An example of the preferred method 30 will now be described with reference to Figures 4A to 4E. Figure 4A illustrates an un-treated upper segment 42 of the brace 20. The upper segment 42 includes a leg support portion 45 and a geared hinge portion 43. The geared hinge portion 43 is designed to form part of the joints 16, and is preferably made from a metal such as Aluminum 6D61-T6. The leg support portion 45 is formed of carbon fiber epoxy composite joined to the hinge portion 43. Because the carbon fiber epoxy composite and the metal do not readily accept sublimated inks, they cannot be used as the sublimating receiving surface. Therefore, the upper segment 42 is pre- treated by applying a coating 44, as shown in Figure 4B. The coating 44 will serve as the sublimation receiving surface, and may comprise any suitable coating that is able to receive sublimated inks, such as polyurethane paint, powder-coating, or other synthetic coatings. In the examples described herein, polyurethane paint is used as the coating 44. Those skilled in the art will readily appreciate that in certain embodiments of the present invention the sublimation receiving surface will consist of the outer surface of the material from which the upper segment 42 is fabricated. This is true for embodiments wherein the upper segment 42 is formed from materials such as polyurethane, acrylonitrile, butadiene, and styrene.

In pre-treating the sublimation receiving surface at 31 , one factor that should be considered when sublimating graphics onto three-dimensional objects is moisture. During the sublimation process, moisture converts into a vapor state much sooner than the sublimation dyes convert to their gaseous state. As a result, the water molecules fill openings in the receiving surface thereby blocking the transfer of the dye into the surface. If the sublimation dyes are unable to penetrate the receiving substrate, the dyes are forced to rest on the outside surface, making the image less permanent and subject to smearing, bleeding, and fading. To facilitate the removal of moisture in or on the receiving surface, the object is preferably pre-heated to a temperature above the boiling point of water, approximately 100°C, for a sufficient amount of time, approximately 10 to 20 minutes.

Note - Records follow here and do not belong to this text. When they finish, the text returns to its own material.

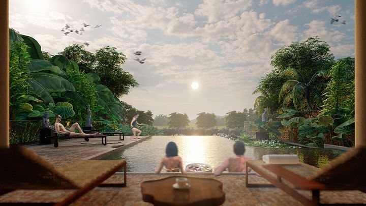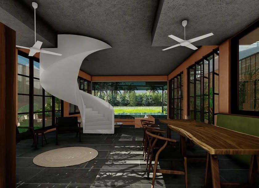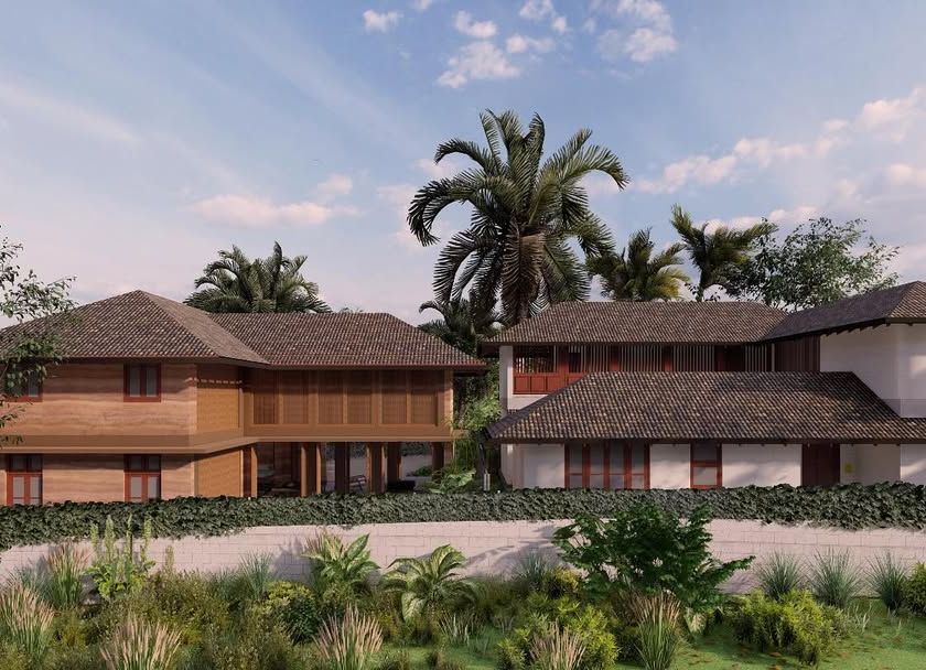 This is a preview of our five-bedroom luxury villa in Calangute, currently under construction. Designed as a spacious family home, it features two large common areas, a central swimming pool, and a terraced edible garden, all while preserving the stunning, undisturbed views of the adjacent paddy fields.
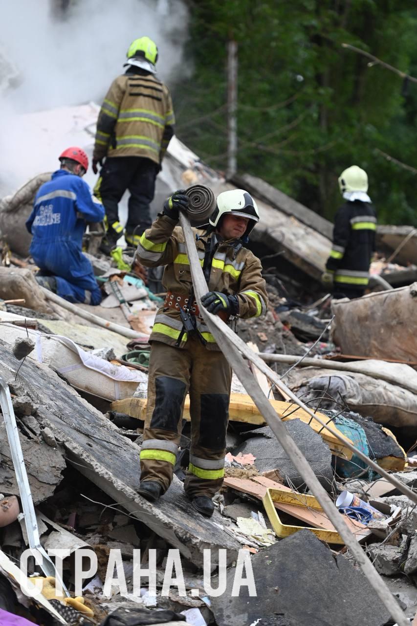 9.07 В обрушившейся части жилого дома в Киеве на нижних этажах всё ещё остаются заблокированные люди. Сейчас спасатели пытаются достать их из-под завалов.
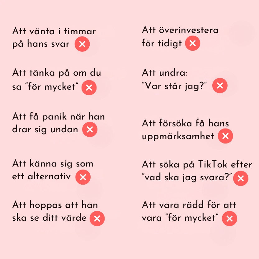 - Du lär dig snabbt att genomskåda ghosting, ursäkter och blandade signaler.
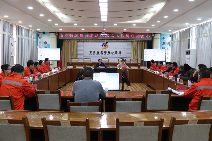 在調研座談會上,黃處長聽取了嘉峪關公路局退休職工工作和退休黨支部建設匯報,對取得的成績表示肯定,特別是對“八棵樹精神”取得的豐碩成果表示贊揚。并就落實省廳關于老干部工作的文件精神、落實退休干部“兩項待遇”等方面工作提出要求,代表廳黨組向嘉峪關公路局離退休干部職工傳達了誠摯問候和衷心祝福。
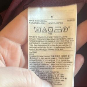 Maroon split neck popover with black center details and black details on cuffs. Longer length. Back hem is longer than the front. 100% polyester. BIN18
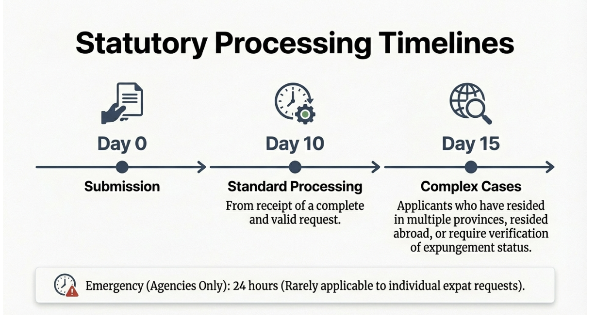 - Complex Cases: For applicants who have resided in multiple provinces or abroad, or requiring verification of expungement status, the timeline is extended to 15 days.
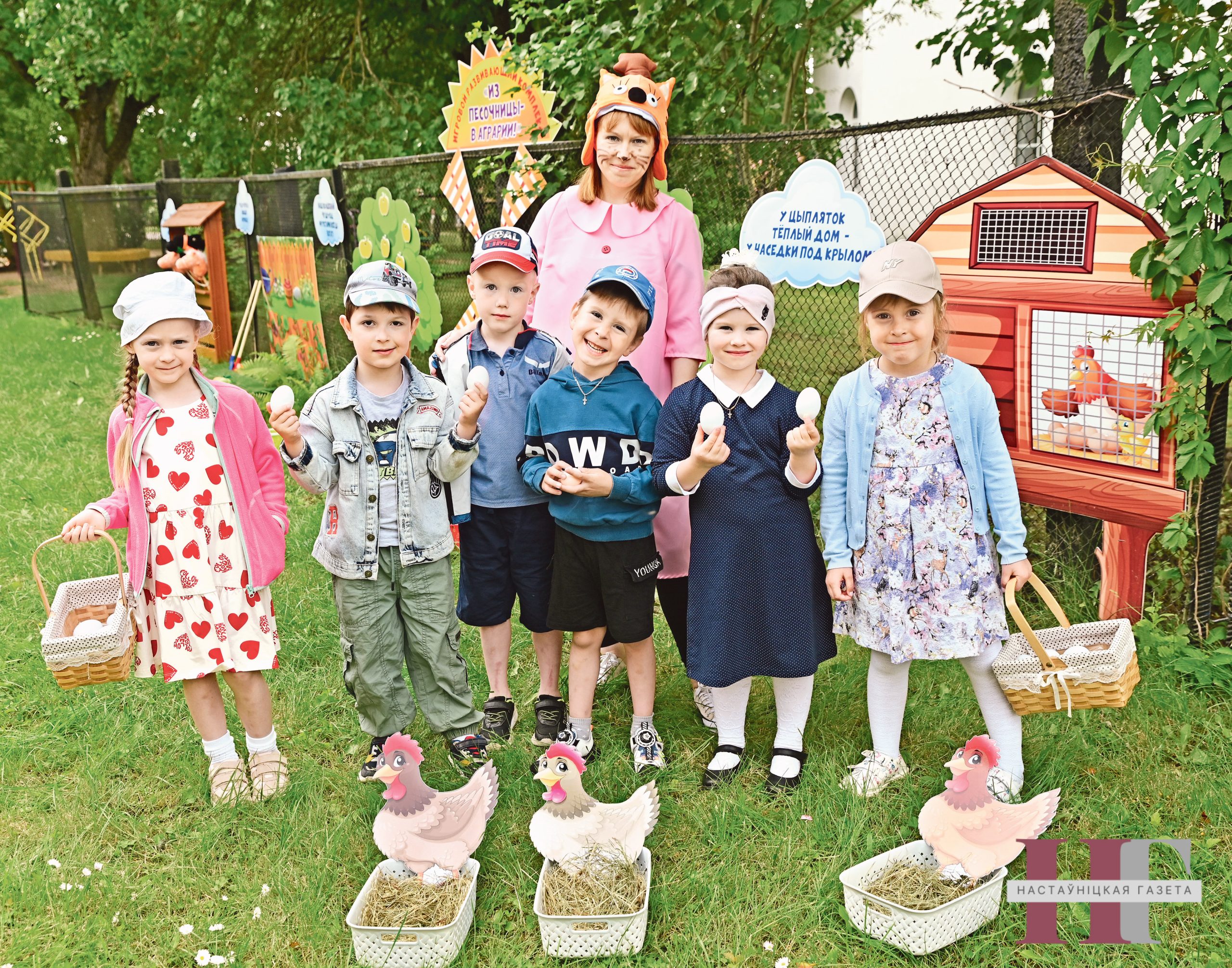 Широкую панораму того, чем можно заниматься с детьми под открытым июньским небом, продемонстрировал Кировский детский сад Витебского района. Стационарное игровое оборудование успешно дополняется переносным, которое используется для занятий спортом, творчеством, строительства замков из мягких блоков и даже профориентации. В ясные летние дни здесь разворачивают игровой развивающий комплекс “Из песочницы — в аграрии”. Детям предлагают собрать с больших игрушечных деревьев яблоки, с огорода, роль которого выполняет обтянутая мягкой тканью площадка с выемками, — овощи. А на симпатичной птицеферме малыши бережно складывают в корзинки муляжи куриных яиц курочек-несушек.
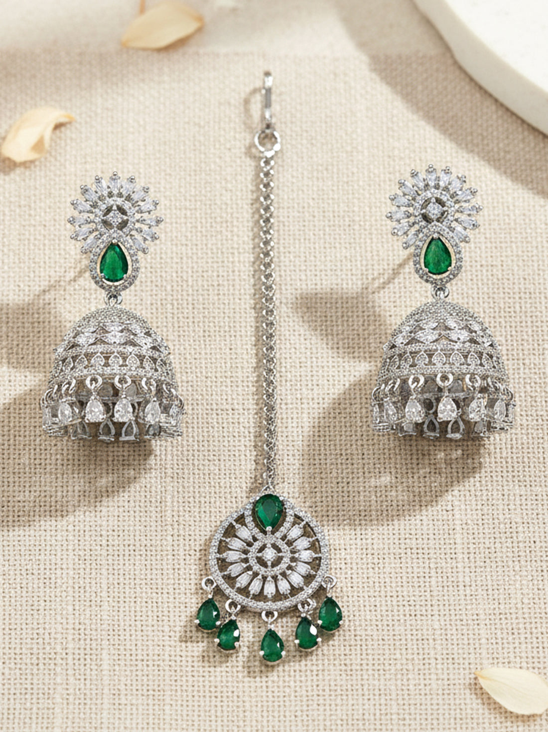 KARATCART Stunning Green American Diamond Silver-Plated Jhumka Earrings and Maangtikka Combo
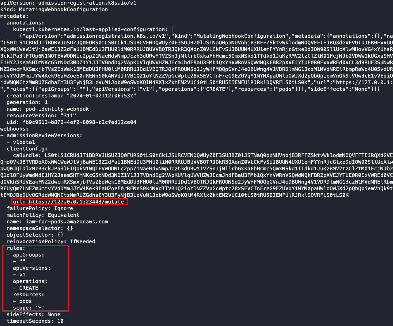 ์ฌ๊ธฐ์ https://127.0.0.1:23443/mutate ์ amazon-eks-pod-identity-webhook ์ ์๋ํฌ์ธํธ๋ฅผ ๊ฐ๋ฆฌํค๋ ๊ฒ ๊ฐ์๋ฐ, kubectl get ์ผ๋ก ๋ณด์ด์ง ์๋ ๊ฒ์ผ๋ก ๋ณด์ ์ฟ ๋ฒ๋คํฐ์ค ์์ ์๋๊ฑฐ ๊ฐ์ง ์์ต๋๋ค.
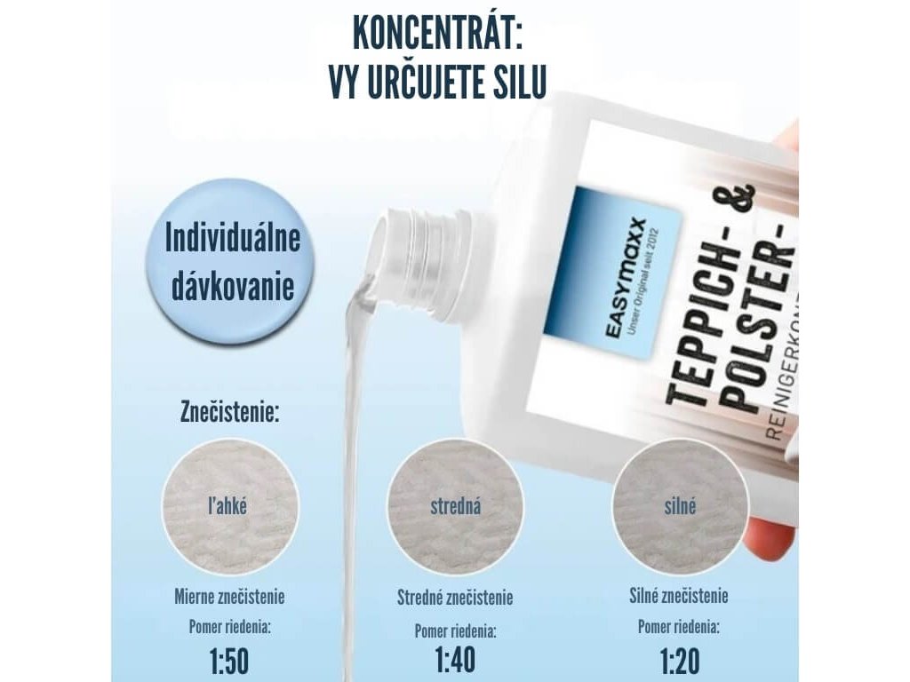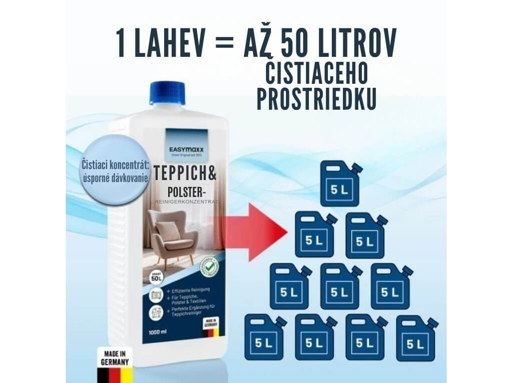 S koncentrovaným čističom kobercov a čalúnenie EASYmaxx premeníte čalúnenie, koberce a textilné povrchy v čisté a pohodlné priestory behom chvíľky ! Tento účinný čistiaci koncentrát vyrobený v Nemecku je ideálny pre použitie s čističmi kobercov CLEANmaxx , mokrými vysávačmi iných výrobcov alebo dokonca ručne. Či už sa jedná o pohovku, kreslo, koberec alebo autosedačku - koncentrát bez znečisťujúcich látok spoľahlivo odstraňuje aj škvrny, ako je červené víno, káva alebo mastnota, a zanecháva po sebe len svieži pocit.
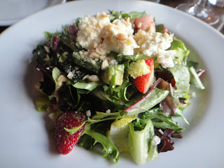 I had the Strawberry and Goat Cheese salad, which was on a bed of baby greens and topped with avocado and toasted hazelnuts.  Our server confirmed with the chef that my choice was indeed gluten-free after I ordered and also shared with me that the chef had gluten-free pasta available should I want a heartier meal.
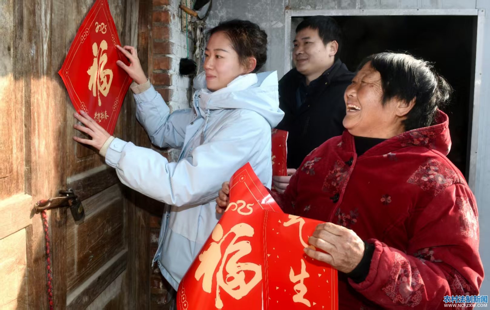 农村法制新闻网.讯 记者:燕啟超 通讯员: 陈大伟 高岩岩 张世杰 梁忠强 临近春节,为深入开展“我们的节日·欢乐中国年”文明实践活动,2025年1月21日,商丘市行政审批和政务信息管理局组织党员干部带着一片深情,来到虞城县沙集乡沙集村给困难家庭送来了米,面、油等食品,并为他们贴上春联,表达对群众的关爱和祝福。慰问中,党员干部们与其拉家常、嘘寒问暖,排忧解难,祝福群众在新的一年里幸福健康长寿。
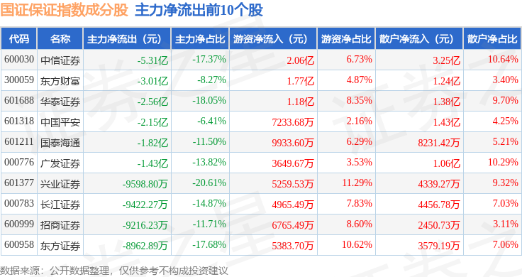 资金流向方面,国证保证(399420)指数成份股当日主力资金净流出合计28.49亿元,游资资金净流入合计10.99亿元,散户资金净流入合计17.5亿元。成份股资金流向详情见下表:
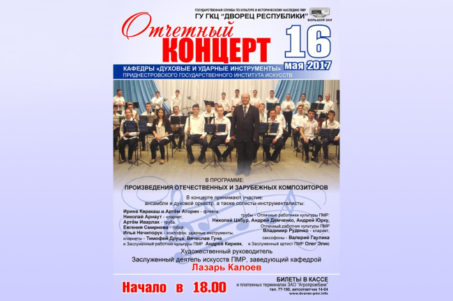 Тирасполь, 15 мая /Новости Приднестровья/. 16 мая во Дворце Республики свой отчётный концерт представят музыканты кафедры «Духовые и ударные инструменты» Приднестровского государственного института искусств. В его программу войдут произведения отечественных и зарубежных композиторов, которые сыграют ансамбли, духовой оркестр, а также солисты-инструменталисты вуза.
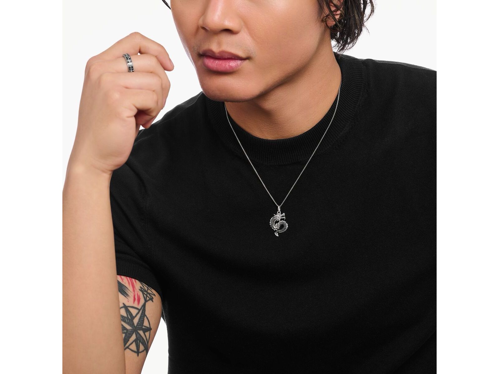 This recycled silver necklace, adorned with a finely crafted dragon pendant, embodies strength and protection. The dragon's sophisticated details, enhanced with black zirconia stones, capture the eye, while the adjustable chain (45 to 50 cm) adapts perfectly to your style. An ancient symbol of courage and direction, this unique piece accompanies your adventures with elegance and character.

The sublimation receiving surface should be durable in addition to providing a surface conducive to sublimation. Moreover, the sublimation receiving surface can be tailored to produce sublimated graphics of differing intensities and gloss. For example, colored synthetic coatings, such as polyurethane paints and polyester powder coats, can be used as coating 44 to produce muted, low-key graphics. Alternatively, clear coating can be applied over a colored synthetic coating to produce brilliant, eye-catching images. Metal flecks or pearlescent hues may be added to the coating 44 before application to affect light refraction properties or to produce metallic appearances. Clear polyurethane paint was determined to be the preferred synthetic coating material due to its tough, scratch- and chip- resistant, high-gloss finish and ease of application in a manufacturing setting. The preferred thickness of the coating 44 was determined to be no less than .0508 mm to .0762 mm, as coatings of lesser thickness resulted in faded or mottled transfer images. Water-borne paints were not as effective in producing brilliant images.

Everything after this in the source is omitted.